┌────────

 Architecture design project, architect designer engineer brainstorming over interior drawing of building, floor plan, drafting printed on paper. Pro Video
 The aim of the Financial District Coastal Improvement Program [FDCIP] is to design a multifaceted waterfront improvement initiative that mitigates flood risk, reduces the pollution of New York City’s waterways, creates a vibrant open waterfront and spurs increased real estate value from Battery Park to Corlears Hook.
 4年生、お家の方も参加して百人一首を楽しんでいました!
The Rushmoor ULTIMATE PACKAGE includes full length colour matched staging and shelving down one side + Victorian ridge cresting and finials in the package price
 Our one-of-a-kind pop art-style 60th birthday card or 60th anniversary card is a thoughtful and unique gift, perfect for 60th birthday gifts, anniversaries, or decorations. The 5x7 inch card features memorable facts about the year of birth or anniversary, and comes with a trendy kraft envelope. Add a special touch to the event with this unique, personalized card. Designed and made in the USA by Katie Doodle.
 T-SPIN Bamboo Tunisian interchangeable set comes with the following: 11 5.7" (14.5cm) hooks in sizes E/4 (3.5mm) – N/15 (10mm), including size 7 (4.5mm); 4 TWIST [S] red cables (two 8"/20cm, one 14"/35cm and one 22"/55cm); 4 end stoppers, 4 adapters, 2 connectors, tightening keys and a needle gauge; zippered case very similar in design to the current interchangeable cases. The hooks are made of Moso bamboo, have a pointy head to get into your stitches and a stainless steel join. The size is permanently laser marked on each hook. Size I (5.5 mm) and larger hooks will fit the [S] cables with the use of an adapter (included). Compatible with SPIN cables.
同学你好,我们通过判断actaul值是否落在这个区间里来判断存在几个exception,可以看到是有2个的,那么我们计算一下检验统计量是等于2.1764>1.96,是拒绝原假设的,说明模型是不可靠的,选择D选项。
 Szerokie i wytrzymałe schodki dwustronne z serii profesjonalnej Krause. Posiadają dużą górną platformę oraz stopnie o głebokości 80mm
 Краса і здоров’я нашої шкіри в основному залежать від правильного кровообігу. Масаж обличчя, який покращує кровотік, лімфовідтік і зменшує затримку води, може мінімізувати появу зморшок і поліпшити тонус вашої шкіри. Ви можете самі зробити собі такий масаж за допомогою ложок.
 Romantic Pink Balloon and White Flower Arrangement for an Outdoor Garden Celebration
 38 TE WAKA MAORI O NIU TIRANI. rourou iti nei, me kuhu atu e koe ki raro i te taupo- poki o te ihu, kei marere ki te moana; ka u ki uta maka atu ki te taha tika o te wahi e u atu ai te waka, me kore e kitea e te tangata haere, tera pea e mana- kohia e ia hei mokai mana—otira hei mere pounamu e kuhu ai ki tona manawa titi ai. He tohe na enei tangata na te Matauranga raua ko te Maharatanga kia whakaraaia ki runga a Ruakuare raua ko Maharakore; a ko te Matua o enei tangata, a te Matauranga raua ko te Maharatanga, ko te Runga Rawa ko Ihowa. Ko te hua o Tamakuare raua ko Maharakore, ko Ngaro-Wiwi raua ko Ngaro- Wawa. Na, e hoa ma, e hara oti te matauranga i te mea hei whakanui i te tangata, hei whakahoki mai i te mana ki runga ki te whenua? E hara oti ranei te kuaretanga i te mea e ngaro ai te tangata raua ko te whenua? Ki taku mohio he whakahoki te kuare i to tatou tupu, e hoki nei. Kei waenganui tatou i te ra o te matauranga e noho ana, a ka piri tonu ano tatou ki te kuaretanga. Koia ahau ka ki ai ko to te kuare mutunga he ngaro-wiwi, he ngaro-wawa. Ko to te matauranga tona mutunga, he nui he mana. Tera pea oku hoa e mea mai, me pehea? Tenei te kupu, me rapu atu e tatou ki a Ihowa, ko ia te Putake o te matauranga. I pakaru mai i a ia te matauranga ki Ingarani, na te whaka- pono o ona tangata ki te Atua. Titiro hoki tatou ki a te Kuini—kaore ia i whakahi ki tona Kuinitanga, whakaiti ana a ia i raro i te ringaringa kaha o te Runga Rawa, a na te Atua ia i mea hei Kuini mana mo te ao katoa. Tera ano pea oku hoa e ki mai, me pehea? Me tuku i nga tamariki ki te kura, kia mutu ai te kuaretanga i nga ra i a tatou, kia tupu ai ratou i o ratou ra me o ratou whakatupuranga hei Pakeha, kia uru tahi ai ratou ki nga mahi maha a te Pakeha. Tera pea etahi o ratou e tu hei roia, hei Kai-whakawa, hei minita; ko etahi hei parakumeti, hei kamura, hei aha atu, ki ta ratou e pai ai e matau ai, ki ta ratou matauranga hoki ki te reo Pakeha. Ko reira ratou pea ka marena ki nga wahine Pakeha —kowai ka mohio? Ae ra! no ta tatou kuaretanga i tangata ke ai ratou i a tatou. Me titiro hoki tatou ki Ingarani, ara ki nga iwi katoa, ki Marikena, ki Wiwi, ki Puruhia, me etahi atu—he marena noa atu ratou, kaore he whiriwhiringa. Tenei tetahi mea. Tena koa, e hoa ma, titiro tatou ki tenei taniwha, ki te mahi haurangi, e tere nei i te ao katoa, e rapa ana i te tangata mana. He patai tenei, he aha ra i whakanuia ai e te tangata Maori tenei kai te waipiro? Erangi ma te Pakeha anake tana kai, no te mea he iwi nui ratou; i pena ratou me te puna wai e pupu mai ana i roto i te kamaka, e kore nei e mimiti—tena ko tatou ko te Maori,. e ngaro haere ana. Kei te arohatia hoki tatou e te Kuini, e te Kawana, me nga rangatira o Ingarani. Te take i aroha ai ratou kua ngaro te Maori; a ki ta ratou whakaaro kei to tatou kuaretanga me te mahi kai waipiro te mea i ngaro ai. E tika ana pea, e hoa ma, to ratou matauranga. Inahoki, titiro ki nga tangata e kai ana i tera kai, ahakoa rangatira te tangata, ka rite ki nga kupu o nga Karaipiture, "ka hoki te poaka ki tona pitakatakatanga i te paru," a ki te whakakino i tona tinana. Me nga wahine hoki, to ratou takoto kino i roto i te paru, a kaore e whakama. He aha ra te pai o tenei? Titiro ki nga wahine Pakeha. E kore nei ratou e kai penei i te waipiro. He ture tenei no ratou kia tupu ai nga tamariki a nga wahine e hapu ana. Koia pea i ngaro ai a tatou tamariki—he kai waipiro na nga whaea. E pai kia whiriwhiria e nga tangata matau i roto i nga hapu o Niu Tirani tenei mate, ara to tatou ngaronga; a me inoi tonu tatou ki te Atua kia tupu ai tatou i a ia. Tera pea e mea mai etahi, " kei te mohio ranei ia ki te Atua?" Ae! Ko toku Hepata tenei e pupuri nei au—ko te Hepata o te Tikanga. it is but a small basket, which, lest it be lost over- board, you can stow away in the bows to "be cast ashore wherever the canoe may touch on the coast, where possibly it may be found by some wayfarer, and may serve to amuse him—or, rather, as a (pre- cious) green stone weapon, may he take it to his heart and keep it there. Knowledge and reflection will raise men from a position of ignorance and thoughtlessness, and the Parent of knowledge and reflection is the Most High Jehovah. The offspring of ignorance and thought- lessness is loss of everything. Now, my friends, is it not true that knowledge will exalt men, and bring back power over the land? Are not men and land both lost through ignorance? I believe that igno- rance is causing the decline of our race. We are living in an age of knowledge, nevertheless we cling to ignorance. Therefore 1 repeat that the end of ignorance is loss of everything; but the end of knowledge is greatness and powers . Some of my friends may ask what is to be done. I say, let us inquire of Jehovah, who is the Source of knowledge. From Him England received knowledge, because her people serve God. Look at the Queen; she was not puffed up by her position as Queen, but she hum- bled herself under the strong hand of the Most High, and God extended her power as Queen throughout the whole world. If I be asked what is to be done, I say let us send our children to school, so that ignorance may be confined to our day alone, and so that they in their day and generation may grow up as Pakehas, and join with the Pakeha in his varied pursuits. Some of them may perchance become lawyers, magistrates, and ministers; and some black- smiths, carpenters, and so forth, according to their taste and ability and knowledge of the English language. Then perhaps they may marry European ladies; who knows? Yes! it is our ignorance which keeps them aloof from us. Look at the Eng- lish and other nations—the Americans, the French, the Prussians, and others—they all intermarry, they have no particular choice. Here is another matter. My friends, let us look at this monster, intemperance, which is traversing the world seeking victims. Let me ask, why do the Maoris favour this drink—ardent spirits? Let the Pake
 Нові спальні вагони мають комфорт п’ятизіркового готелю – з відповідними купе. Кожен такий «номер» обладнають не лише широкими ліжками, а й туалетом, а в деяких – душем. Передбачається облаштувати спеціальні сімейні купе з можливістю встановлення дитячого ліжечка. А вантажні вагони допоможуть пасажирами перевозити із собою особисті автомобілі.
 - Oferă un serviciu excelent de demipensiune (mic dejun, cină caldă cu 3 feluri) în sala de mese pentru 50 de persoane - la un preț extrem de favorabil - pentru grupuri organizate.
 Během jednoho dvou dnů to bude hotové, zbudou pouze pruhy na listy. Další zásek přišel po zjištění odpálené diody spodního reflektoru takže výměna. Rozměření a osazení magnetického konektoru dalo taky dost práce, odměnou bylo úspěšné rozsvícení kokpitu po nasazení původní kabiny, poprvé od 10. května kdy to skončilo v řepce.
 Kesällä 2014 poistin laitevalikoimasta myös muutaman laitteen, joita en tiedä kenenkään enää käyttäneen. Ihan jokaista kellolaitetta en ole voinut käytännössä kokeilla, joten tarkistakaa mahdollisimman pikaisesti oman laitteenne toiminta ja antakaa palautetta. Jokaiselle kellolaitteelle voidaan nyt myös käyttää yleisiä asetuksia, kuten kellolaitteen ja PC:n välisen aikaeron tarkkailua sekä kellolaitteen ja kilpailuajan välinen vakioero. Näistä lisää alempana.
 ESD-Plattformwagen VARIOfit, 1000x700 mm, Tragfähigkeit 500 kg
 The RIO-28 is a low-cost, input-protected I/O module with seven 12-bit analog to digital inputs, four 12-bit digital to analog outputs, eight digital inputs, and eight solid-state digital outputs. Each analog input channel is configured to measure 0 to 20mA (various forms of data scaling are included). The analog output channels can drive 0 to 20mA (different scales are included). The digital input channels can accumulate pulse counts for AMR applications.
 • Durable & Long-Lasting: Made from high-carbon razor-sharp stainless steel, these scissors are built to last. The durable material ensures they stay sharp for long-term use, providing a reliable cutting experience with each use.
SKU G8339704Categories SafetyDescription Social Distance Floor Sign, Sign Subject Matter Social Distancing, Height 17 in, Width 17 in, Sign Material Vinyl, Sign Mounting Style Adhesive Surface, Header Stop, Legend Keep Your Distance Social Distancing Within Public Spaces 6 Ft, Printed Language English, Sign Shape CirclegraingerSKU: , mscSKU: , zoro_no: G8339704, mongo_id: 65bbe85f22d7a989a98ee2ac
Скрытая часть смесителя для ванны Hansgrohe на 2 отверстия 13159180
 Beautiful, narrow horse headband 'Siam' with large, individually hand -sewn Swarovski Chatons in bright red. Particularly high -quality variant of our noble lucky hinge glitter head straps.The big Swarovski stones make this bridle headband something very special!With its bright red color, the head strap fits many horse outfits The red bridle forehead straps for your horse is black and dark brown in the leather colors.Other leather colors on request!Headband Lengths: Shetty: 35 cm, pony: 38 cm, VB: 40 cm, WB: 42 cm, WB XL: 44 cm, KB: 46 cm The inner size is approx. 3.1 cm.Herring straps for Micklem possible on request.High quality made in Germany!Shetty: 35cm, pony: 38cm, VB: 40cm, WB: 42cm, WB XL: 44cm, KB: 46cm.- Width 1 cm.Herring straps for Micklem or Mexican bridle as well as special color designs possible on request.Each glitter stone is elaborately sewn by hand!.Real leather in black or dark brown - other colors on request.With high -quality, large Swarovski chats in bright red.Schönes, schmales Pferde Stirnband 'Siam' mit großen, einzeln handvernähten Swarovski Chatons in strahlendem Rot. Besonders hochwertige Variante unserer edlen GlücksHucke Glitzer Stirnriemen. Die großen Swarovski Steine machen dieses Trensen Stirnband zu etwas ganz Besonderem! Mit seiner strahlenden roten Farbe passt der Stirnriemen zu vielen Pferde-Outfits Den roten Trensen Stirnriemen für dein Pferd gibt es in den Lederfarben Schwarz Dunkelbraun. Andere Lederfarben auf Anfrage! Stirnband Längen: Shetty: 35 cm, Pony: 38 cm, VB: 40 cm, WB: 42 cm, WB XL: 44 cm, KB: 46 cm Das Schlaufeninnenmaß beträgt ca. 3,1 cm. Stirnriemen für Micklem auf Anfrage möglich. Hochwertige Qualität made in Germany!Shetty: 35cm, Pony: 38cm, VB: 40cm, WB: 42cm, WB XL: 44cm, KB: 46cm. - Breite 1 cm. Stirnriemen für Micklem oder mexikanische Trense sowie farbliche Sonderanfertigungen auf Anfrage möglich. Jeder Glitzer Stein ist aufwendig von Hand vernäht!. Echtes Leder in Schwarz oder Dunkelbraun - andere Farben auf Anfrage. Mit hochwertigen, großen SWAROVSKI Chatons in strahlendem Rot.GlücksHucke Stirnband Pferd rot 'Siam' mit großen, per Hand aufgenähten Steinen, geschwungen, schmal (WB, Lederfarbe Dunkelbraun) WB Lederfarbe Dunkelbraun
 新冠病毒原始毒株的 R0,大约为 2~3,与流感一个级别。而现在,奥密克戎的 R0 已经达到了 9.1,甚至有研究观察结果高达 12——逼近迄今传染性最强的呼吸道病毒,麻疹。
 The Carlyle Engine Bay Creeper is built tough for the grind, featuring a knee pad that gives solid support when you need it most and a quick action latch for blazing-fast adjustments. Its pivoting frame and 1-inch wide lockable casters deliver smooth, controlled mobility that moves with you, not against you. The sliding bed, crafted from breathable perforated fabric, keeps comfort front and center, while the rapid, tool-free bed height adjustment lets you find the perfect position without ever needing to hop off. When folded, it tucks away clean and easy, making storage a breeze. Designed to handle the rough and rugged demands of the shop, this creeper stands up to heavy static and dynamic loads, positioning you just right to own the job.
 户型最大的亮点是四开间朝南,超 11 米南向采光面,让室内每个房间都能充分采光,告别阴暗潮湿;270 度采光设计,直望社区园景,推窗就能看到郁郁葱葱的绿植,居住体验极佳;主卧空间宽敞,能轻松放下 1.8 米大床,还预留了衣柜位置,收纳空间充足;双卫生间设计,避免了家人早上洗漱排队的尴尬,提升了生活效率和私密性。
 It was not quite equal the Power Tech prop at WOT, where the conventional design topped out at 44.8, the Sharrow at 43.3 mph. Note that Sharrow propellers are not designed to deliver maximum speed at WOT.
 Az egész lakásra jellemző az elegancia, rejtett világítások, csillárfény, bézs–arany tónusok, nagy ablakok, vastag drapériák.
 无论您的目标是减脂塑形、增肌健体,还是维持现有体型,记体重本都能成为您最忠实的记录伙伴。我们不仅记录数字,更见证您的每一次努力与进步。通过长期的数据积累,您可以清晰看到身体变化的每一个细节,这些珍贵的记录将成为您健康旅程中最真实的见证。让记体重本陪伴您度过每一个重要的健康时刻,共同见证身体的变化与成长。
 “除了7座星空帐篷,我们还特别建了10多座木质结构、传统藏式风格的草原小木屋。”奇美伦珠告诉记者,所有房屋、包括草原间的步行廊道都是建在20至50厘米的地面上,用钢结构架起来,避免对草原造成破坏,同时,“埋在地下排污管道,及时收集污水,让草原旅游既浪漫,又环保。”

└────────

> **Assignment**
Go through the lines above. Select every one that has the string "такий".

> **Exercise answer**
 Краса і здоров’я нашої шкіри в основному залежать від правильного кровообігу. Масаж обличчя, який покращує кровотік, лімфовідтік і зменшує затримку води, може мінімізувати появу зморшок і поліпшити тонус вашої шкіри. Ви можете самі зробити собі такий масаж за допомогою ложок.
 Нові спальні вагони мають комфорт п’ятизіркового готелю – з відповідними купе. Кожен такий «номер» обладнають не лише широкими ліжками, а й туалетом, а в деяких – душем. Передбачається облаштувати спеціальні сімейні купе з можливістю встановлення дитячого ліжечка. А вантажні вагони допоможуть пасажирами перевозити із собою особисті автомобілі.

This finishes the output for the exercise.